Employment Insurance reform was the hot topic of discussion when Conservative MP Kellie Leitch paid a visit to Grande Prairie, Alberta on Saturday, June 16.
Leitch was a long way from her Ontario riding of Simcoe-Grey, traveling to western Canada in her dual role as Parliamentary Secretary to the Minister of Human Resources and Skill Development and to the Minister of Labour to discuss facets of the Budget Implementation Act of particular interest to business owners struggling to satisfy their labour needs in a thriving resource industry town.
“[It] is, in fact, the Peace Country’s budget,” said Peace River MP Chris Warkentin, who joined Leitch to discuss the budget bill during her visit.
“It is something we have been begging and pleading for,” he added. “For years and years.”
Warkentin was especially enthusiastic about the changes to EI, made partly in response to a tendency by many Canadian employers to seasonally lay off their staff, who then collect EI until the busy season starts again.
“Unfortunately, there [are] too many industries in Canada that have utilized the Employment Insurance program as a way to allow people to be outside the Workforce,” said Warkentin.
“In Canada,” he continued, “we’ve reached a critical point where we cannot afford to have people being outside of the workforce because of the labour shortages in this country.”
The labour shortages have certainly been a problem for the oil and gas industry and the federal government is hoping that changes to the EI program will help address that issue by encouraging employers to seek better solutions than seasonal layoffs.
“When people in a place like Grande Prairie are outside of the workforce,” said Warkentin, “not only is it costing taxpayers and employers through the premiums that are being paid out into the EI system – so premiums continue to have to go up because people are drawing on the system – but also we’re being disproportionately affected because we desperately need those people in the workforce to fill the gaps.”
Leitch reassured those present that qualifying individuals would still be able to collect EI benefits.
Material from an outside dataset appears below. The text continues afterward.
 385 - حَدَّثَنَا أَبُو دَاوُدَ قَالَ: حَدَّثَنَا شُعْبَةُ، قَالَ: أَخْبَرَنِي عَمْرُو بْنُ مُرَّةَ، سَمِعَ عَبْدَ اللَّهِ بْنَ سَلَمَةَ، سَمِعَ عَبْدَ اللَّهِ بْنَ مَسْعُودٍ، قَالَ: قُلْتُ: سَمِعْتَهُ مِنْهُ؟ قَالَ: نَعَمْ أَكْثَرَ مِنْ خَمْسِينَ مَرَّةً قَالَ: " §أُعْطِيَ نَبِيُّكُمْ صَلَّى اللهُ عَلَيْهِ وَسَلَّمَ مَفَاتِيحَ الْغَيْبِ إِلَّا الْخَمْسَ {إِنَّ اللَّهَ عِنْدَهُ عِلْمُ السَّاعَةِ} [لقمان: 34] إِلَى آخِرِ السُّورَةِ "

“Let’s be clear,” said Leitch. “We want to better connect Canadians with jobs that are available for them and where they can have full time employment. That’s the best circumstance for family, the best circumstance for the employer and employee.”
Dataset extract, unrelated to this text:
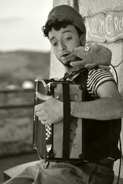 La terrazza del Belvedere Calindri offre uno splendido panorama su Certaldo e la rigogliosa campagna circostante, ed è qui, con una tale vista, che attendiamo il secondo spettacolo in programma, C’era due volte un piede di Veronica Gonzalez. L’effervescente artista sale sul palco, su musiche ritmate e coinvolgenti, ed aprendo valigie colorate, dà il via libera alla magia della trasformazione: i suoi piedi si trasfigurano assumendo le più disparate sembianze, da Arlecchino e Colombina a un torero col suo toro, da un ladro inseguito dal poliziotto fino ad un’ammaliante sirena ed il suo fuggitivo marinaio. La velocità della trasformazione è unica, il ritmo sempre sostenuto sembra dar vita a veri e propri Muppet in carne ed ossa per gag comiche ed esilaranti.

That doesn’t mean that the government will be attempting to force individuals who are unemployed to relocate for work.
“We are not going to force people to move to different parts of this country,” said Warkentin. “We are not going to tell someone who lives who-knows-where that they won’t receive unemployment insurance. But what we are telling Canadians across the country is, if there is employment in your community, that is within your qualifications, and you’re not applying for it, then you can’t get unemployment insurance.
“If you have an opportunity to be employed, than clearly you don’t need [EI],” he continued. “We’re going to become more concentrated on ensuring that people that can get a job get a job. Even in [Grande Prairie] the unemployment rate can go up to eight per cent in our region. So, in a place where we are desperate for folks, we need to tell those people, ‘Actually, your option isn’t to get EI. It’s to go get a job that is available.’”
EI reform isn’t the only initiative in the budget bill designed to bridge the labour gap, as the legislation also features a Temporary Foreign Workers Program, a program for people 50 years of age or older who have been laid off or need retraining to join a new profession, and an additional $15 million in funding for the Youth Employment Strategy (YES).
One individual present at the open house noted that it is difficult to attract young people, as well as First Nations, indicating that unemployment levels are high in both groups.
Concerns were also raised regarding employment of foreign workers, particularly in terms of investing time and money in bringing that individual to Canada, only to lose that worker to another iindustry or another province such as Saskatchewan, where the rules around foreign workers are different than in Alberta. Warkentin suggested that is a provincial issue, not federal.
Leitch stressed that employing Canadians is a top priority, too.
“What we are doing is making sure that, if there is an employer that requires
employees, that they know which Canadians are available, and so they will be able to approach those Canadians, know which Canadians have the qualifications in the area to get a job, and once they’ve exhausted that move to a Temporary Foreign Worker,” said Leitch. “So we’re trying to make sure that under all circumstances that Canadians are the first choice.”
The worker shortage is set to become an even bigger issue as major projects ranging from oil and natural gas pipelines to new mining operations and BC Hydro’s Site C could all be underway in the next five to ten years.
“These are huge challenges,” said Leitch. “And that’s why, as a federal government we, are very focused on the issues.”
Leitch added that the government consulted extensively with businesses in western Canada when deciding how to address the issues.
“This is a concern,” she said. “We want to hear from Canadians, hear from Canadian businesses, as well as employees so that we can come up with a comprehensive way to deal with the challenges.”